## Exercise directions
Pictures do not belong in your copy. Repeat all the other data exactly.

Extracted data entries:
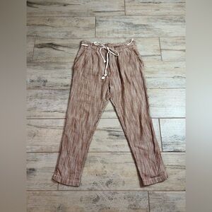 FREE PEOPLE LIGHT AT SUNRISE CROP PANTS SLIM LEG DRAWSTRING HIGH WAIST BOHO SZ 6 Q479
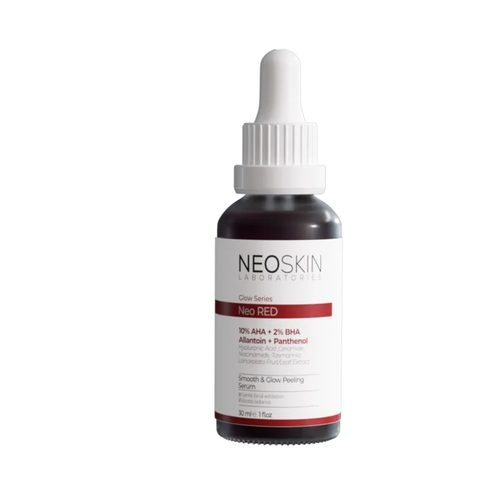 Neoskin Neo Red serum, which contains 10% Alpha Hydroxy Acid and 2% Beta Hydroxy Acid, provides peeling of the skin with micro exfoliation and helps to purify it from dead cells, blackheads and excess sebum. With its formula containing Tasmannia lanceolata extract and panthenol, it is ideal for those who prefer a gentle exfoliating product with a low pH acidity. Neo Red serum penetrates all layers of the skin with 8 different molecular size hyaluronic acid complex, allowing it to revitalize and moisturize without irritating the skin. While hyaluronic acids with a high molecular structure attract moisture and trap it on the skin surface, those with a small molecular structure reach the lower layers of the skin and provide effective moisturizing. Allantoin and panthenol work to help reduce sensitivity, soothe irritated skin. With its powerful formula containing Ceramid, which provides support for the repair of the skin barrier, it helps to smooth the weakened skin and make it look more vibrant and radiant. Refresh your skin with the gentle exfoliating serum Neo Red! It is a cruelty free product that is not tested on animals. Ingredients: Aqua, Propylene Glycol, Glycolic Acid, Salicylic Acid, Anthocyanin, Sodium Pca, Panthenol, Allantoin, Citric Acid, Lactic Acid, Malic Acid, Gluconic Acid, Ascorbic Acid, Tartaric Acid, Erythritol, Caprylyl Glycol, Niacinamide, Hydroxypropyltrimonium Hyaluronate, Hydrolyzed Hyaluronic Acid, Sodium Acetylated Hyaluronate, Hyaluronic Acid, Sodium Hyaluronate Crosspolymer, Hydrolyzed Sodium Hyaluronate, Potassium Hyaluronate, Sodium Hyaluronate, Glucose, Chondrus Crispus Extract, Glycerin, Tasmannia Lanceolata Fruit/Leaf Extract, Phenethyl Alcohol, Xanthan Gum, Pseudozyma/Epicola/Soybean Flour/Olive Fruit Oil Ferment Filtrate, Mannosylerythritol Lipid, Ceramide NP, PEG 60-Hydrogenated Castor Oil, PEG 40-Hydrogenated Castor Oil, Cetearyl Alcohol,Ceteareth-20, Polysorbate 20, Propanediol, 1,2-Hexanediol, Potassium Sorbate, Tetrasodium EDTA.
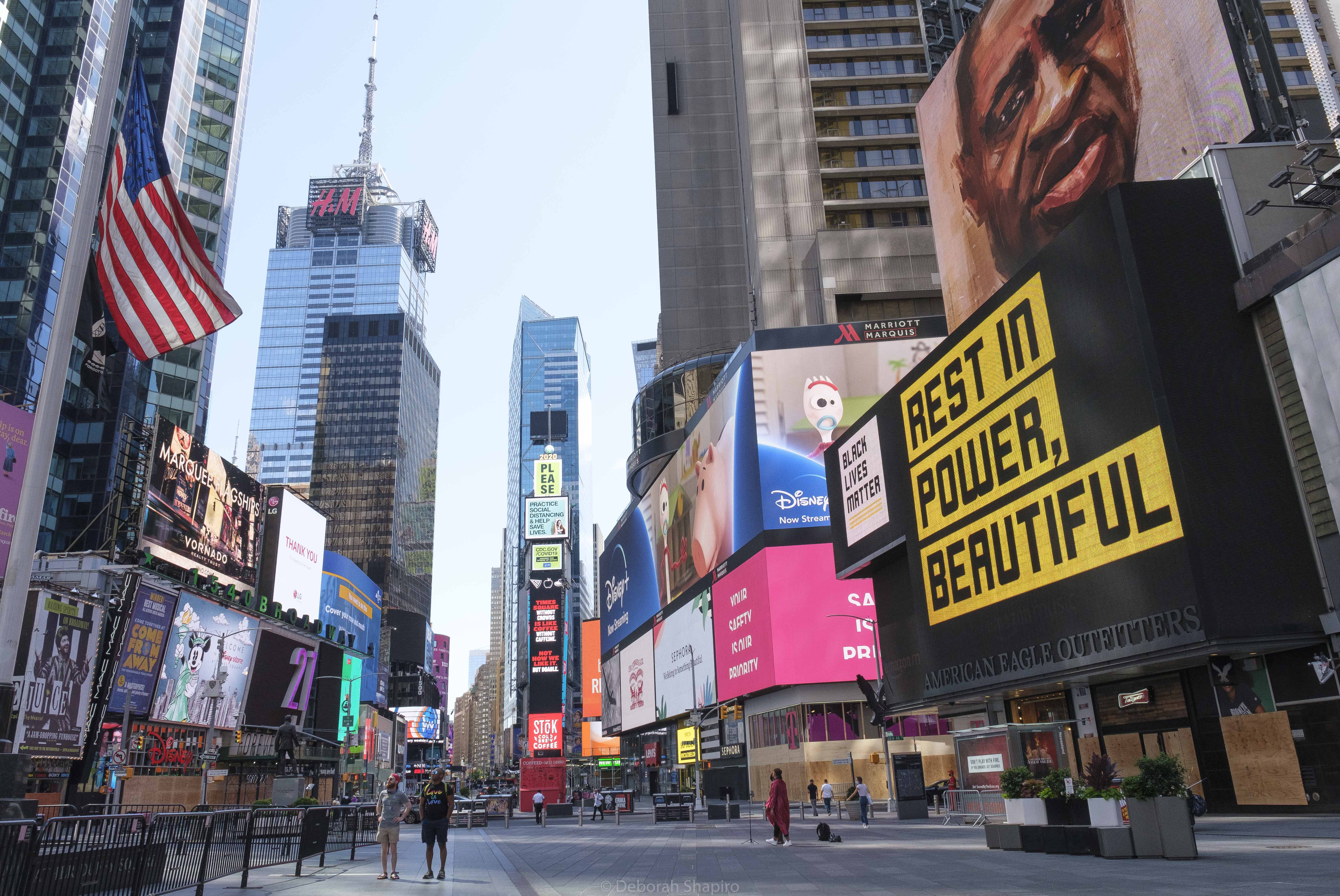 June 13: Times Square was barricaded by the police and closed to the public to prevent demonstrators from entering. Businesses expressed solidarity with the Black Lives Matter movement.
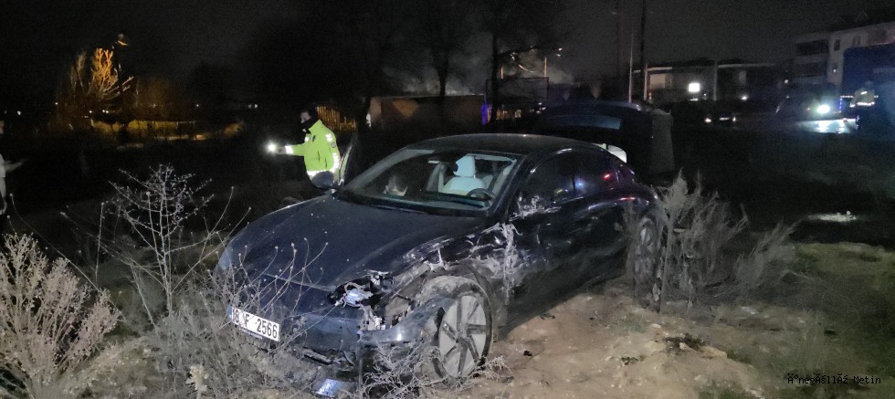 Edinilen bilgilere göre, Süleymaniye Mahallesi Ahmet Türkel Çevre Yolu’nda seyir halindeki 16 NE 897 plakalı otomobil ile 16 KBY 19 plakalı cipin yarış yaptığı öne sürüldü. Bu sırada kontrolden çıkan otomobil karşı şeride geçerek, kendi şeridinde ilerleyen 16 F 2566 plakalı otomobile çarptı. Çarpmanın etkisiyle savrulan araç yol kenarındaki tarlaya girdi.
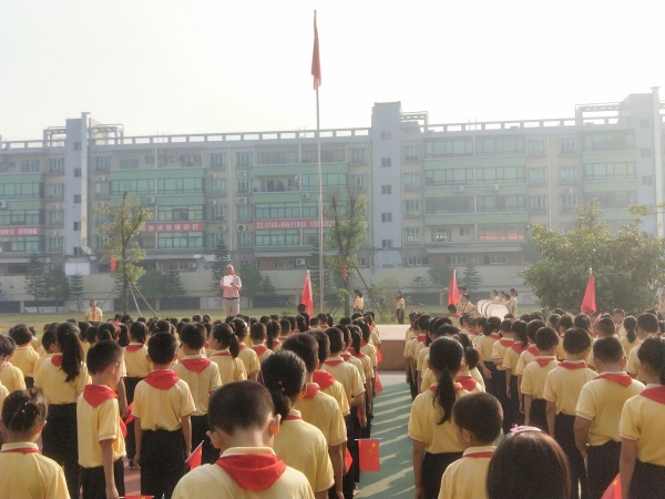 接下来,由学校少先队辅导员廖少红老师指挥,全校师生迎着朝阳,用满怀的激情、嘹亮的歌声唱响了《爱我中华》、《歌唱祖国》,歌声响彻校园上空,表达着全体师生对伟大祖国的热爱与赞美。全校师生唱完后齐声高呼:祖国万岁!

## Answer to this task
 FREE PEOPLE LIGHT AT SUNRISE CROP PANTS SLIM LEG DRAWSTRING HIGH WAIST BOHO SZ 6 Q479
 Neoskin Neo Red serum, which contains 10% Alpha Hydroxy Acid and 2% Beta Hydroxy Acid, provides peeling of the skin with micro exfoliation and helps to purify it from dead cells, blackheads and excess sebum. With its formula containing Tasmannia lanceolata extract and panthenol, it is ideal for those who prefer a gentle exfoliating product with a low pH acidity. Neo Red serum penetrates all layers of the skin with 8 different molecular size hyaluronic acid complex, allowing it to revitalize and moisturize without irritating the skin. While hyaluronic acids with a high molecular structure attract moisture and trap it on the skin surface, those with a small molecular structure reach the lower layers of the skin and provide effective moisturizing. Allantoin and panthenol work to help reduce sensitivity, soothe irritated skin. With its powerful formula containing Ceramid, which provides support for the repair of the skin barrier, it helps to smooth the weakened skin and make it look more vibrant and radiant. Refresh your skin with the gentle exfoliating serum Neo Red! It is a cruelty free product that is not tested on animals. Ingredients: Aqua, Propylene Glycol, Glycolic Acid, Salicylic Acid, Anthocyanin, Sodium Pca, Panthenol, Allantoin, Citric Acid, Lactic Acid, Malic Acid, Gluconic Acid, Ascorbic Acid, Tartaric Acid, Erythritol, Caprylyl Glycol, Niacinamide, Hydroxypropyltrimonium Hyaluronate, Hydrolyzed Hyaluronic Acid, Sodium Acetylated Hyaluronate, Hyaluronic Acid, Sodium Hyaluronate Crosspolymer, Hydrolyzed Sodium Hyaluronate, Potassium Hyaluronate, Sodium Hyaluronate, Glucose, Chondrus Crispus Extract, Glycerin, Tasmannia Lanceolata Fruit/Leaf Extract, Phenethyl Alcohol, Xanthan Gum, Pseudozyma/Epicola/Soybean Flour/Olive Fruit Oil Ferment Filtrate, Mannosylerythritol Lipid, Ceramide NP, PEG 60-Hydrogenated Castor Oil, PEG 40-Hydrogenated Castor Oil, Cetearyl Alcohol,Ceteareth-20, Polysorbate 20, Propanediol, 1,2-Hexanediol, Potassium Sorbate, Tetrasodium EDTA.
 June 13: Times Square was barricaded by the police and closed to the public to prevent demonstrators from entering. Businesses expressed solidarity with the Black Lives Matter movement.
 Edinilen bilgilere göre, Süleymaniye Mahallesi Ahmet Türkel Çevre Yolu’nda seyir halindeki 16 NE 897 plakalı otomobil ile 16 KBY 19 plakalı cipin yarış yaptığı öne sürüldü. Bu sırada kontrolden çıkan otomobil karşı şeride geçerek, kendi şeridinde ilerleyen 16 F 2566 plakalı otomobile çarptı. Çarpmanın etkisiyle savrulan araç yol kenarındaki tarlaya girdi.
 接下来,由学校少先队辅导员廖少红老师指挥,全校师生迎着朝阳,用满怀的激情、嘹亮的歌声唱响了《爱我中华》、《歌唱祖国》,歌声响彻校园上空,表达着全体师生对伟大祖国的热爱与赞美。全校师生唱完后齐声高呼:祖国万岁!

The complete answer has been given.